In this notebook I experiment with word vectors. Two alternative methods are tested:
- Word2vec from Google
- FastText from Facebook

In [1]:
# Load libraries
import numpy as np
import pandas as pd
pd.options.display.width=120
#pd.set_option('display.width',75)
#pd.options.display.max_columns=8
import matplotlib.pyplot as plt
import seaborn as sns
import nltk
nltk.download('punkt')
#import nlpia
from nltk.tokenize import TreebankWordTokenizer
from nltk.tokenize.casual import casual_tokenize
from collections import Counter
from collections import OrderedDict
import copy
from sklearn.feature_extraction.text import TfidfVectorizer

[nltk_data] Downloading package punkt to /root/nltk_data...
[nltk_data]   Unzipping tokenizers/punkt.zip.

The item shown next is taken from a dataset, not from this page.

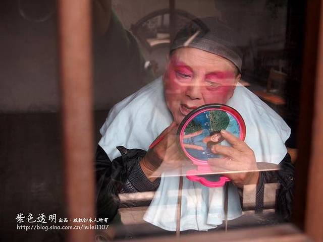 正在化妆,我也不知道这个是老生还是啥生,但这镜子太有笑点了。

## 1A) Loading gensim.word2vec module (from Google)

You can also do it so that find the original model (binary format) with google search: "Word2vec models pretrained on Google News documents"
- put it in the local path, and then you can load with below script

In [0]:
import gensim.downloader as api

In [3]:
wv=api.load('word2vec-google-news-300')



  'See the migration notes for details: %s' % _MIGRATION_NOTES_URL


In [0]:
import warnings
warnings.filterwarnings("ignore")

### a) Experimenting with word2vec values

Note, you need to insert wv in front of it (the earlier method without it is deprecated).

most_similar() method:
- most_similar() method can be used for finding nearest neighbors for any given word vector.
- argument: positive adds the vectors together
- argument: negative subtracts the vectors (excludes them)
- argument: topn returns top n values 

doesnt_match() method:
- determines the most unrelated term (with highest distance to all other terms in the input list).

similarity() method:
- calculates cosine similarity between two words

get the word vector for a word (300 dimensions of floats)
- word_vectors['word']

In [5]:
wv.most_similar('cooking')

[('cook', 0.7584654092788696),
 ('Cooking', 0.7552591562271118),
 ('baking', 0.6751805543899536),
 ('cookery', 0.6722506284713745),
 ('humongous_belly', 0.6695600748062134),
 ('cooks', 0.6584445834159851),
 ('sauteeing', 0.6277279853820801),
 ('COOKING_DEADLINE_LOGO_Logo', 0.6251790523529053),
 ('About_Dishing', 0.6237301826477051),
 ('caramelizing_onions', 0.6213988065719604)]

In [6]:
wv.most_similar(positive=['cooking','potatoes'],topn=5)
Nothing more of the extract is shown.